= Mystère au Louvre =

2017 French television film

Mystère au Louvre is a 2017 French TV film, fourth in the Mystère à... series of television films (2011 to 2018) set in the Paris of the Belle Époque. It concerns a fictional robbery at the Louvre museum in the 1880s. It was written by Elsa Marpeau and Florent Meyer and directed by Léa Fazer, and stars Alice Taglioni, Philippe Torreton and Cyril Descours. The heroine is "both a manipulator and manipulated, a thief, disguised as a young man, a woman of the world, fragile and strong".

== Plot ==
The most infamous burglar in Paris - Mercure - is in fact a woman, Constance de Coulanges, an outsider to high society who, partly to revenge the murder of her love Pierre two years previously in an attempted burglary, and to thwart the ruthless head of security at the Louvre, Inspector Thénard, plots to steal crown jewels from the museum. To this end, disguised as a man, she recruits an innocent circus performer Frédéric, able to do tight-rope walking and other stunts. However, since the failed theft Thénard has doubled security and installed a fatal high-voltage ring around the crown jewels display, making the endeavour almost impossible.
To pull off a masterstroke of stealing the jewels that had belonged to Empress Eugénie she also has to gain the attentions and confidence of the director, Alfred de Longeville, while overcoming the suspicions of Frédéric, the protector of his blind younger sister and with no experience in criminal activity, and to keep the identity of Mercure secret.

== Cast ==
- Alice Taglioni as Constance de Coulanges / Mercure
- Philippe Torreton as Thénard, chief of police at the Louvre
- Cyril Descours as Frédéric Delage
- Nicolas Marié as Alfred de Longeville, director of the Louvre
- Eriq Ebouaney as Vladimir, Constance's manservant
- Andy Gillet as Pierre Gamblin
- Alice de Germay de Cirfontaine as Lulu, sister of Delage
- Michaël Vander-Meiren as Marcel, a professional burglar
- Guillaume Bouchède as Paul Verlaine
- Erik Stouvenaker as Joris Karl Huysmans
- Emmanuel Joucla as the Duc de Morsauf
- Emmanuel Barrouyer as the Marquis
- Thierry Nenez as the shoe-maker
- Raphaël Magnabosco as a museum employee
- Claudine Acs as the Baronne

== Production ==
Alice Taglioni had already appeared in two of Fazer's films, Notre univers impitoyable (2008), and Cookie (2012). The film was a co-production of Production AKCB, France Télévisions Distribution, Noon, and Thalie Images. This was the third of four Mystère à... telefilms directed by Fazer.

===Filming===
According to the final credits some filming took place at the Musée du Louvre itself, as well as the Château de Fontainebleau, and the Domaine de Courson.

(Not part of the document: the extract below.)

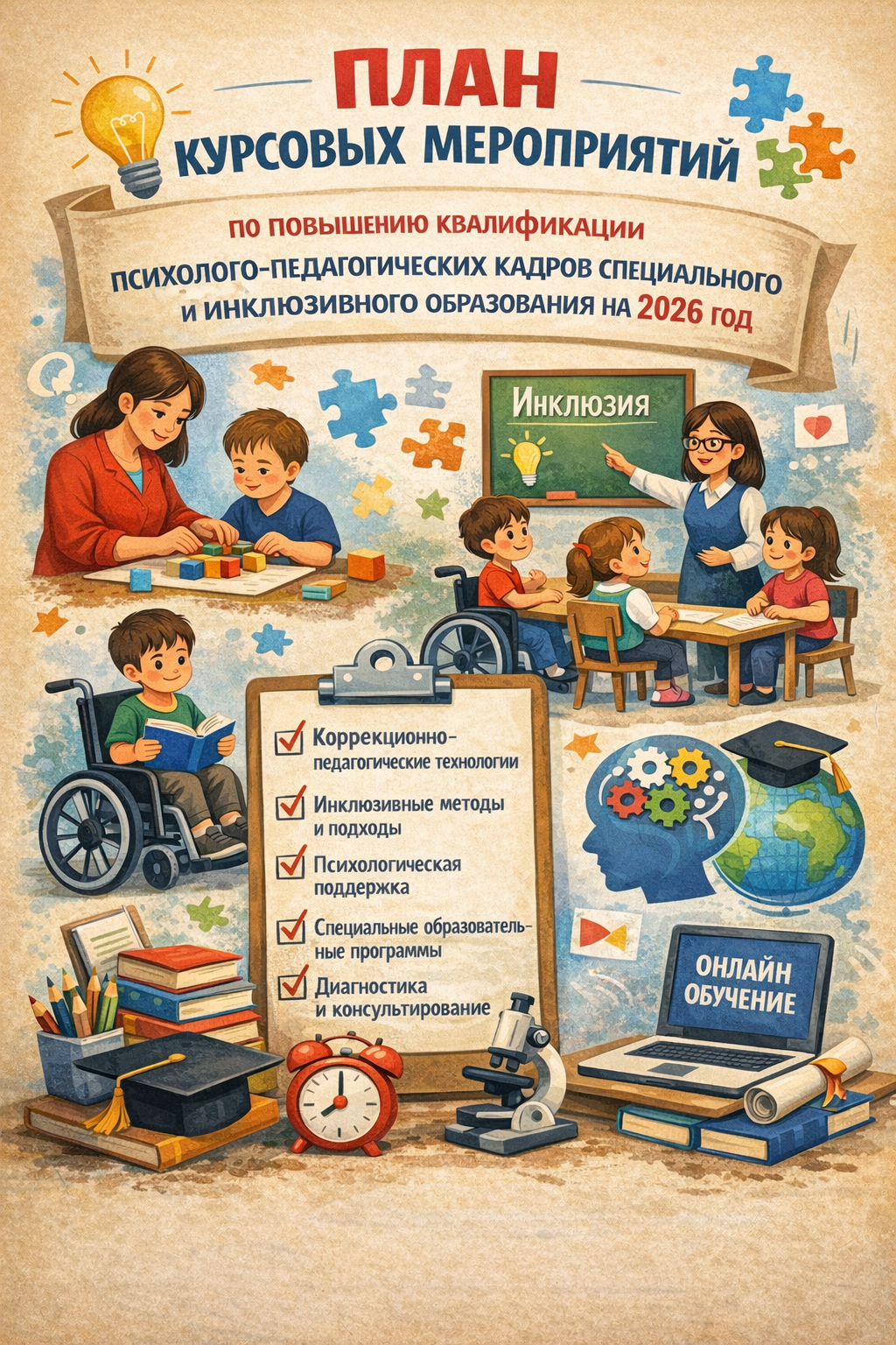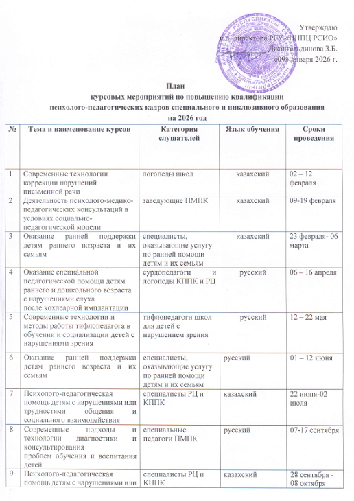 План курсовых мероприятий по повышению квалификации психолого-педагогических кадров специального и инклюзивного образования на 2026 год
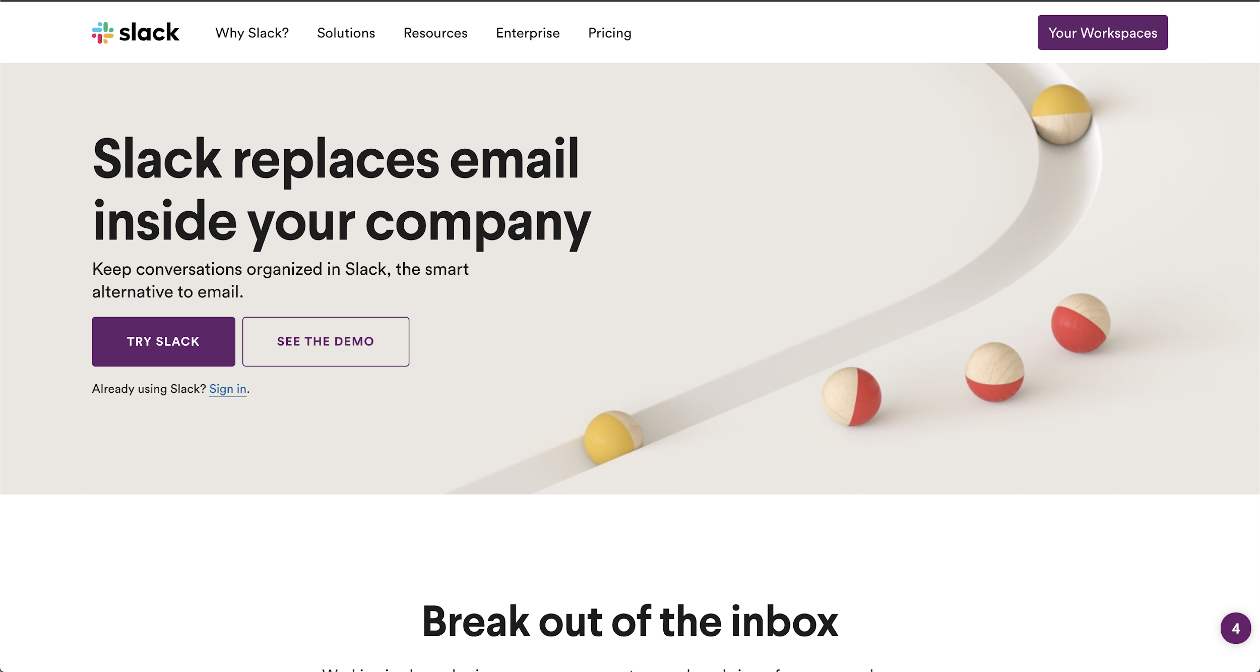 Warto sprawdzić strony najlepszych marek startupowych, które ze względu na bezpośrednią sprzedaż/konwersję, mają realną potrzebę ich ciągłego polepszania. Widoczny jest tu jasny podział na kategorie, persony do których strona mówi, spójny język, czy prostą i skuteczną nawigację. Przykład to nieustannie zmieniająca się strona Slacka.

The original music for the film is by composer François Castello, who also wrote the soundtracks for Mystère au Moulin Rouge (2011) and Mystère à la Tour Eiffel (2015). The soundtrack includes the recording of the tenor air "Je crois entendre encore" sung by Alain Vanzo with the Orchestre Radio-Lyrique conducted by Manuel Rosenthal, in 1959.

== Reception ==
The programme was watched by an estimated 4.4 million people on its initial broadcast on France 2 on 27 December 2017, equivalent to 19.2% of those watching French television at that time and the most watched programme that evening. The film was repeated on 1 December 2025 on the T18 channel, followed by a panel discussion chaired by Ava Djamshidi about the theft of 19 October 2025 at the Louvre.

One critic noted that the plot involved "mystery, elegance and suspense, fully exploiting the prestigious setting of the Louvre, whose galleries, treasures and security devices become the centerpieces of a narrative", and that "[b]etween seduction, cunning and permanent danger, Mystère au Louvre explores the shadows of the criminal genius while offering a refined thriller in the heart of the most famous museum in the world.